One component used in integrated circuitry is a capacitor. Such a component includes at least two electrical conductors separated by a dielectric. Energy may be electrostatically stored in an electric field within the dielectric.
Memory is one type of integrated circuitry which may include capacitors. Memory may be fabricated in one or more arrays of individual memory cells. Memory cells may be written to, or read from, using digit lines (which may also be referred to as bit lines, data lines, sense lines, or data/sense lines) and access lines (which may also be referred to as word lines). The digit lines may conductively interconnect memory cells along columns of the array, and the access lines may conductively interconnect memory cells along rows of the array. Each memory cell may be uniquely addressed through the combination of a digit line and an access line.

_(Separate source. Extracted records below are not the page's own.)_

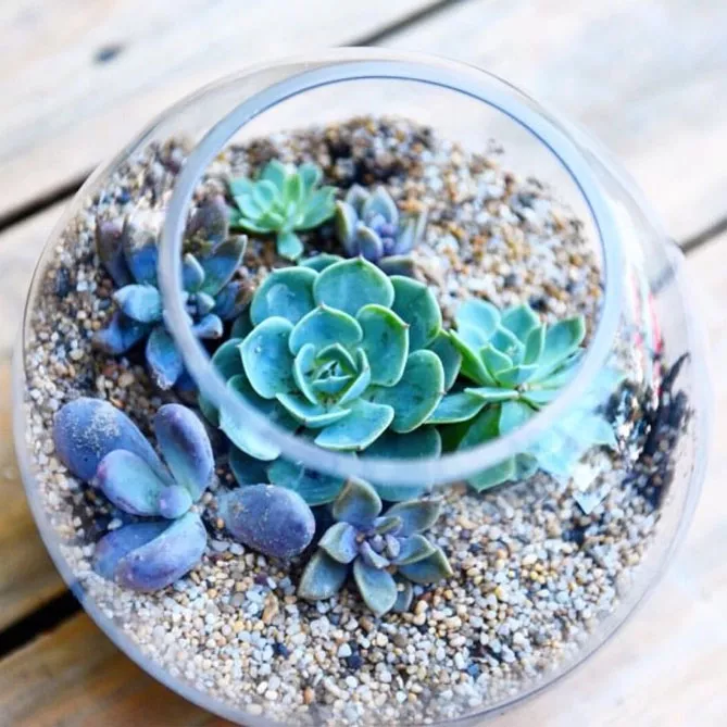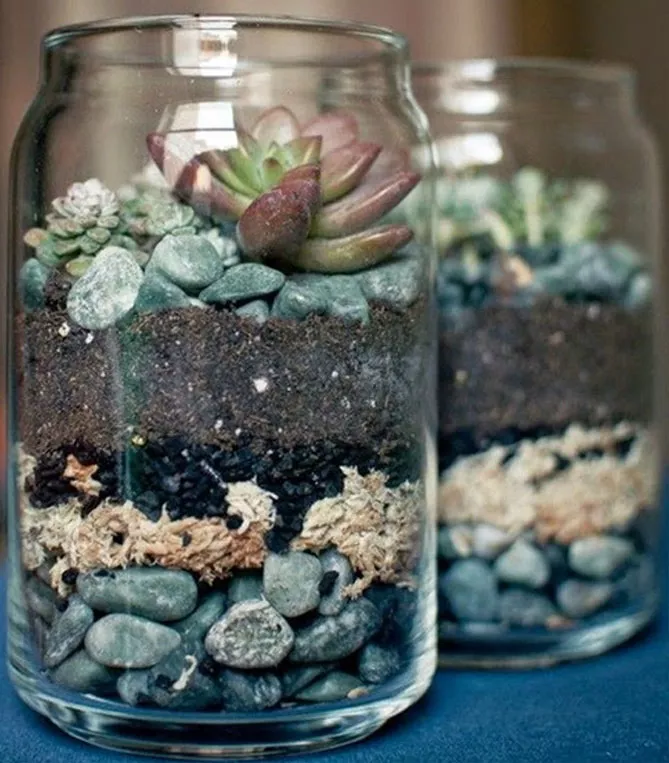 Також рослини використовуються для створення мініатюрних пейзажів у скляній вазі, які стануть чудовим прикрашенням обіднього столу або комода. Посадені в дрібний посуд або керамічні чаші разом з декоративним камінням вони добре виглядають на підвіконнях будинку та на відкритому повітрі. Дуже модними і чарівними є композиції з молодила, посаджені у великих скляних банках на кам'янистий ґрунт.
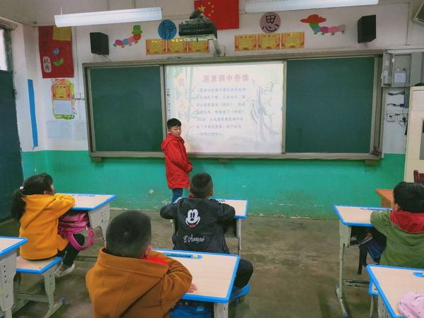 上午,校长陈艳芳利用国旗下讲话向全校师生发出倡议,倡导各班根据本班实际制定阅读计划,完善班级文化建设,让班级充满浓郁书香,六中队少先队员程一楠做了国旗下演讲,阐述了阅读对于小学生的重要性。
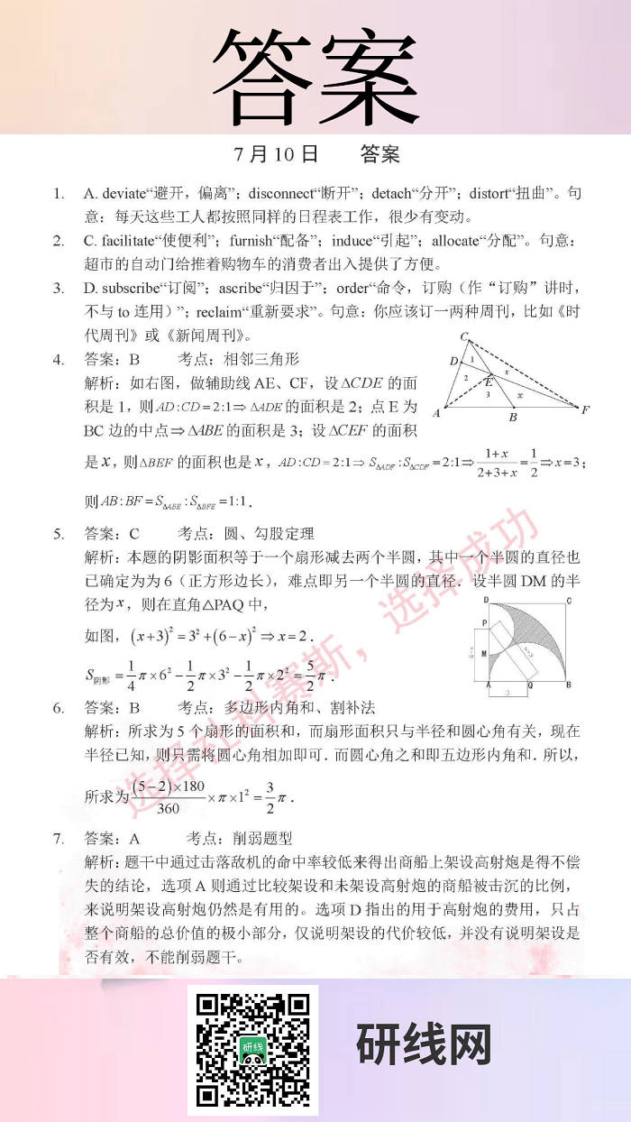 为了更好的复习和巩固已经学过的知识,研线网小编为大家整理出几道题,作为每日的练习,希望能够帮助到同学们哦!
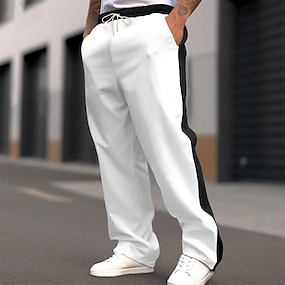 男性用 スウェットパンツ ワイドレッグスウェットパンツ ズボン カジュアルパンツ オープンボトムスウェットパンツ ドローストリング 弾性ウエスト カラーブロック 吸汗性 高通気性 全長 アウトドア カジュアル 日常 ファッション ストリートファッション ブラック ホワイト 伸縮性あり
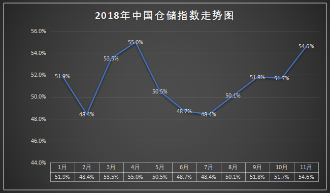 点评:从2018年的中国仓储指数、物流景气指数数据表现来看,1至4月份业务活动保持了较为明显的增长态势,其中2月份指数落入收缩区间,主要受春节因素影响,但随着节后生产经营活动的恢复,至4月份,都处于扩张区间的高位水平。但经历了高峰后连续多月都有明显的滑坡,主要受高温多雨的季节性回落影响。8月起随着营商环境改善,“金九银十”及中秋国庆、双十一等节点影响,传统旺季来临,连续四个月保持在扩张区间,仓储物流行业整体运行良好,短期内的需求预期仍较为乐观。
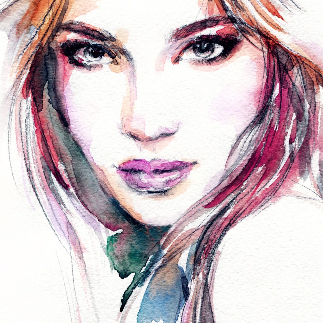 Glamour canvas art: woman portrait in watercolor style
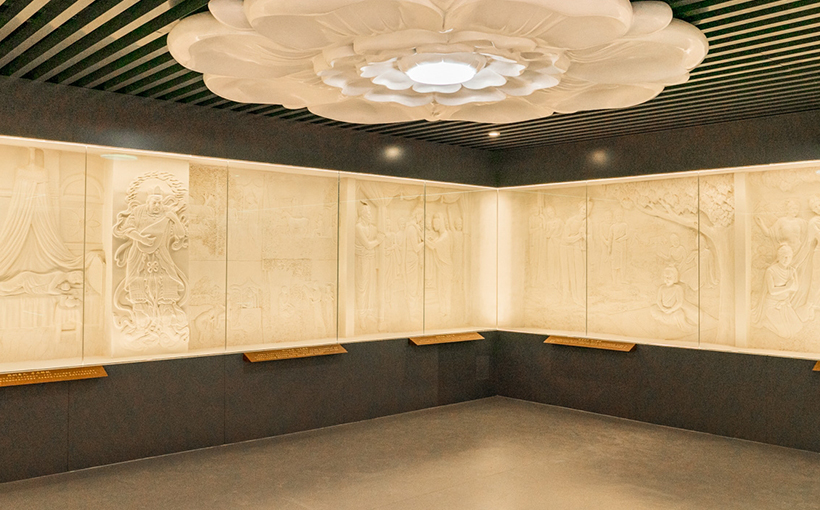 A ceramic relief wall, located on the second floor of the white marble stupa in Panlong Temple Scenic Area, North End of Heli Street, Funing County, Jiangsu, China, was designed by the monk Yanli, the abbot of this Buddhist temple, funded by Chang Hao from Nanjing, and created by Chen Jianping, a ceramic craft master from Dehua. Carved in Dehua porcelain wall pieces and seamlessly spliced together, the relief measures 291 m2 (181.9 m long × 1.6 m tall). Verified by the WRCA, it has been confirmed as the "Largest ceramic relief depicting the Legend of Buddha".
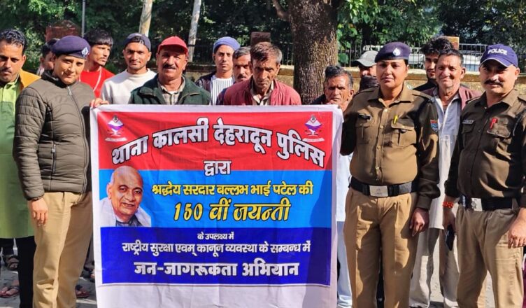 “लौह पुरुष” सरदार वल्लभभाई पटेल की 150वीं जयंती के अवसर पर गुरुवार को थाना कालसी पुलिस द्वारा हरिपुर कालसी क्षेत्र में जनजागरूकता कार्यक्रम आयोजित किया गया। यह कार्यक्रम पुलिस मुख्यालय एवं वरिष्ठ पुलिस अधीक्षक देहरादून के निर्देशों के तहत “रन फॉर यूनिटी” अभियान के अंतर्गत आयोजित हुआ।
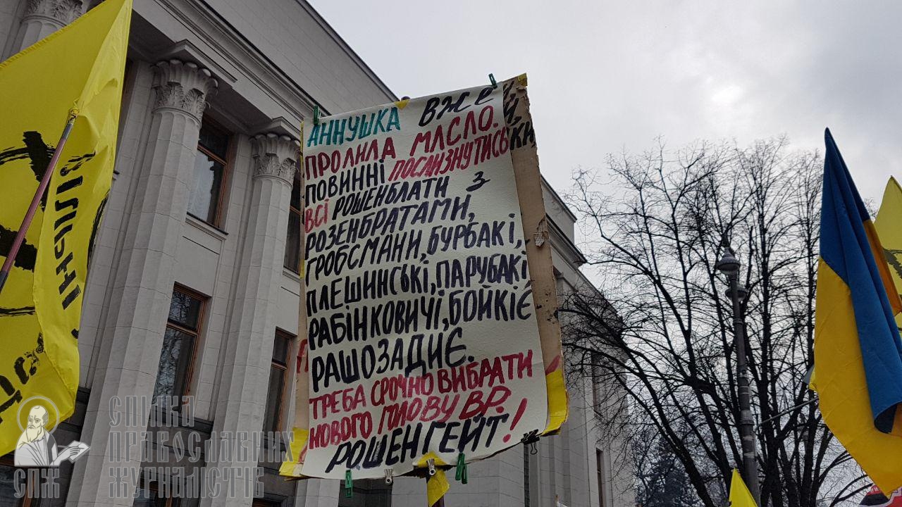 16 січня близько 9:30 під стінами Верховної Ради України розпочалась акція «Стоп реванш». Як передає кореспондент СПЖ, мітингувальники у тому числі вимагають прийняти антицерковні законопроекти. При цьому поліцейських для охорони порядку зібралося більше, ніж самих протестуючих.
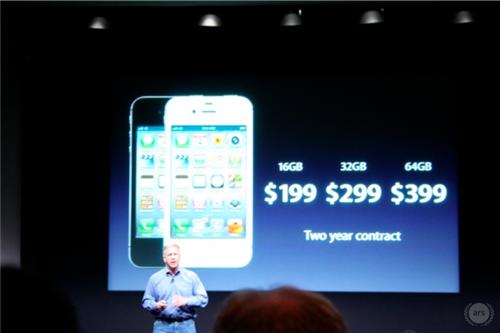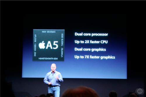 و بالاخره نوبت به iPhone 4S می رسد که ظاهر آن کاملاً مشابه iPhone 4 است. پردازنده به A5 (پردازنده iPad 2) ارتقا یافته که دارای دو هسته پردازشی است. او می گوید که قدرت پردازشی گرافیکی هفت برابر در مقایسه با iPhone 4 افزایش پیدا کرده است. قرار است در اول دسامبر بازی Infinity Blade 2 به طور اختصاصی برای این تلفن هوشمند عرضه شود.

Memory cells may be volatile or non-volatile. Non-volatile memory cells can store data for extended periods of time, in many instances including when the computer is turned off. Volatile memory dissipates and therefore requires being refreshed/rewritten, in many instances multiple times per second. Regardless, memory cells are configured to retain or store memory in at least two different selectable states. In a binary system, the states are considered as either a “0” or a “1”. In other systems, at least some individual memory cells may be configured to store more than two levels or states of information.
One type of non-volatile memory is ferroelectric random access memory (FeRAM). Individual memory cells in FeRAM may include a ferroelectric capacitor. These capacitors have ferroelectric dielectric material as at least part of the capacitor dielectric. Ferroelectric materials exhibit a spontaneous electric polarization that can be reversed by the application of an external electric field. In a ferroelectric material, polarization occurs in accordance with a suitable applied voltage between two electrodes, and such polarization remains after the applied voltage has been removed. The polarization can be reversed by application of a suitable inverted voltage. Each polarization state has different capacitance from the other, and which ideally can be used to store and read a memory state without reversing the polarization state until such is desired to be changed. FeRAM memory cells incorporating a ferroelectric capacitor are thereby non-volatile due to the bi-stable characteristics of the ferroelectric material that forms a part of the capacitor. Ferroelectric capacitors may also be used in integrated circuitry other than memory.
Properties associated with ferroelectric capacitors include endurance (how many programmed cycle changes can occur before device failure), retention (maintaining a programmed state without an un-programmed state change), and imprint (becoming resistive to programmed polarization reversal evidenced by a lateral shift of the hysteresis loop). Accordingly, it is desirable to have high endurance, high retention, and low imprint in ferroelectric capacitors.